Vancomycin-resistant enterococci (VRE) are among the most common antimicrobial-resistant pathogens causing nosocomial infections. Although antibiotic use has been identified as a risk factor for VRE, it remains unclear which antimicrobial agents particularly facilitate VRE selection. Here, we assessed whether use of specific antimicrobial agents is independently associated with healthcare-associated (HA) VRE rates in a university hospital setting in Berlin, Germany.


We conducted the study between January 2014 and December 2015 at the Charité-university hospital of Berlin, Germany. From the hospital pharmacy, we extracted data for all antibacterials for systemic use (anatomical therapeutic chemical (ATC)-classification J01) and calculated ward specific antibiotic consumption in defined daily doses (DDDs) per 100 patient-days (PD). We used the microbiology laboratory database to identify all patients with isolation of invasive or non-invasive VRE and calculated HA-VRE incidence as nosocomial VRE-cases per 100 patients and HA-VRE incidence density as nosocomial VRE-cases per 1000 PD. We defined VRE isolates as hospital-acquired if they were identified three days or later after hospital admission and otherwise as community-acquired (CA-VRE). We performed univariable and multivariable regression analyses to estimate the association of the frequency of HA-VRE per month with antibiotic use and other parameters such as length of stay, type of ward or presence of at least one CA-VRE on ward. In a second analysis, we considered only patients with VRE infections.

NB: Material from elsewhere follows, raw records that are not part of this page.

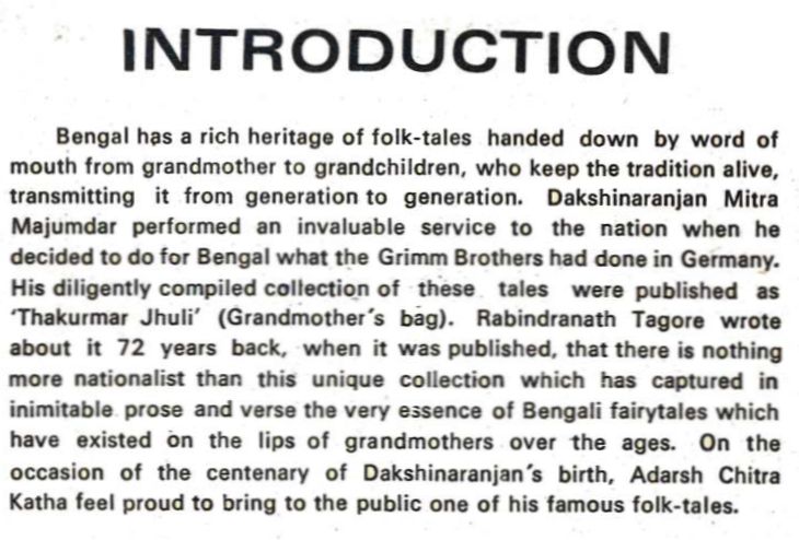 Bengal has a rich heritage of folk-tales handed down by word of mouth from grandmother to grandchildren, who keep the tradition alive, transmitting it from generation to generation. Dakshinaranjan Mitra Majumdar performed an invaluable service to the nation when he decided to do for Bengal what the Grimm Brothers had done in Germany. His diligently compiled collection of these tales were published as 'Thakurmar Jhuli' (Grandmother's bag). Rabindranath Tagore wrote about it 72 years back, when it was published, that there is nothing more nationalist than this unique collection which has captured in inimitable prose and verse the very essence of Bengali fairytales which have existed on the lips of grandmothers over the ages. On the occasion of the centenary of Dakshinaranjan's birth, Adarsh Chitra Katha feel proud to bring to the public one of his famous folk-tales.
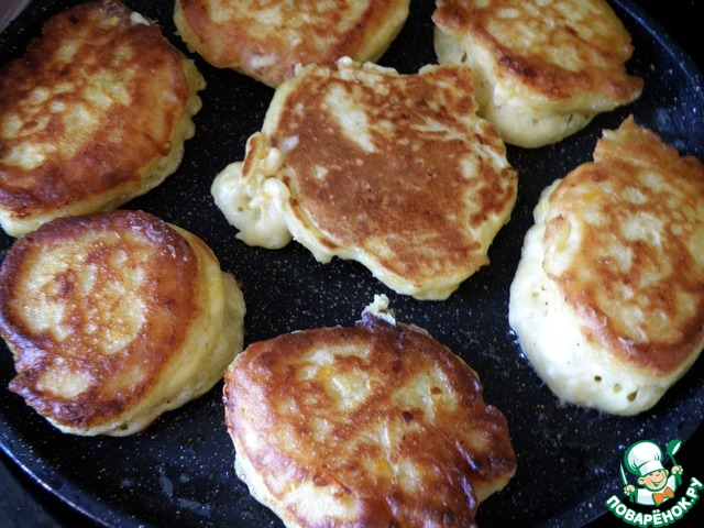 Сильно не зарумянивать, оладьи должны быть золотистые.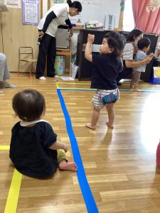 今日の運動会の練習は、こあら組さんのお部屋で行われました。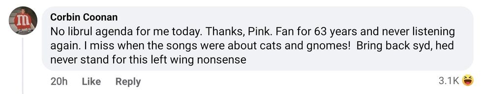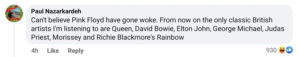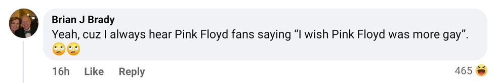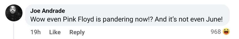 Many whose public profiles' homophobia matched their comments found themselves in a minority of public opinions on Pink Floyd's post.

We included data from 204,054 patients with 948,380 PD from 61 wards. Overall, 1430 VRE-cases were identified of which 409 (28.6%) were considered hospital-acquired (HA). We found that carbapenem use in the current month and prior-month use of glycopeptides increased the risk for HA-VRE by 1% per 1 DDD/100 PD and 3% per 1 DDD/100 PD, respectively. However, when only VRE from clinical samples were considered, only glycopeptide use showed a statistically significant association. In both models, detection of at least one patient with CA-VRE on a ward in the current month significantly increased the risk of HA-VRE, thereby indicating nosocomial spread of VRE.


Our findings suggest that the risk of HA-VRE is associated with specific antimicrobial agents. Prudent use of these antimicrobial agents might reduce nosocomial VRE rates. That appearance of at least one CA-VRE case on the ward increased the risk of HA-VRE detection highlights the importance of strict hand hygiene practices to interrupt person-to-person transmission of VRE.